天台上有个门,半开着,我推开门,天台上一片漆黑,风很大,吹得人站不稳。
但天台什么都没有。
那个红裙子女鬼,就这么消失了。
“言哥,”李槐喘着粗气,“那个是不是就是大排档那些人说的....”
虽然嘴上说着不要多管闲事,但是真撞见了,怎么可能当看不见。
但既然没追上,那就算了吧。
“应该是。
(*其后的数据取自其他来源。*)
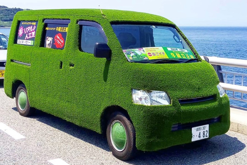 本物と見間違うような人工芝に覆われたクルマ、その名も「芝カー」。兵庫県福崎町で造園業を営む牛尾立正園の牛尾展也(のぶや)さんが、自社で扱う人工芝を自らの手で貼り付けカスタムしたクルマです。

”我站在天台上,往下看,六楼,十几米高,地上是水泥地,摔下去必死无疑。
“她跳下去的那个……”李槐声音发颤。
我没说话,盯着天台边缘看了半天。
天台边缘有一双鞋。
红色的,女式高跟鞋,整整齐齐地摆在那儿,鞋尖朝外,像是有人站在那儿,把鞋脱了,然后跳下去了。
李槐看见那双鞋,腿都软了,扶着洛天河才站稳。
洛天河脸也白了,但还撑着:“言哥,这地方不对劲,咱们先走。”
我把手电光照了照四周,什么都没发现,倒是风很大,吹得人后背发凉。
“走。”我转身下楼。
“言哥,那个红裙子……”李槐坐在后座,声音还在抖。
“跟我们没关系。”我打断他,“我们是来找孙志强的,别的别管。”
“可是……”
“可是什么?”我从后视镜看了他一眼,“这世上邪门的事多了去了,每件都管,管得过来吗?”
李槐不说话了。
洛天河开着车,找了一家快捷酒店,开了两间房,我和李槐一间,洛天河自己一间。
进了房间,我洗了把脸,躺在床上,脑子里乱糟糟的,孙志强跑了,红裙子女人,那双鞋,还有大排档那些人说的话。
一个女的,红裙子,跳楼死的,被男的甩了。
这剧情怎么这么熟悉?
我翻了个身,管他呢,不想了,关灯睡觉。
半夜,我被一阵声音吵醒了。
很轻,像是有人在哭。
我睁开眼,房间很黑,窗帘拉得严严实实的,李槐在旁边床上睡得很死,打着呼噜。
哭声还在继续,从窗外传来的。
我下了床,走到窗边,拉开窗帘。
外面是酒店的院子,空荡荡的,路灯昏黄。
院子中间站着个人,或者说是鬼,穿着红裙子,头发披着。
她仰着头,往我这个方向看。
我盯着她,她也盯着我。
然后她笑了,
那张惨白的脸上,嘴角往上翘,露出血腥的牙床。
我后退一步,手已经摸到了床头柜上的雷击剑。
再往窗外看的时候,院子里的鬼没了,什么都没有。
我站在窗口,等了几分钟,她没再出现。
我把窗帘拉上,回到床上,躺下,脑子里翻来覆去就是那张脸,惨白的,笑着的,眼睛是两个黑洞。
她是来找谁的,找孙志强?还是找我们?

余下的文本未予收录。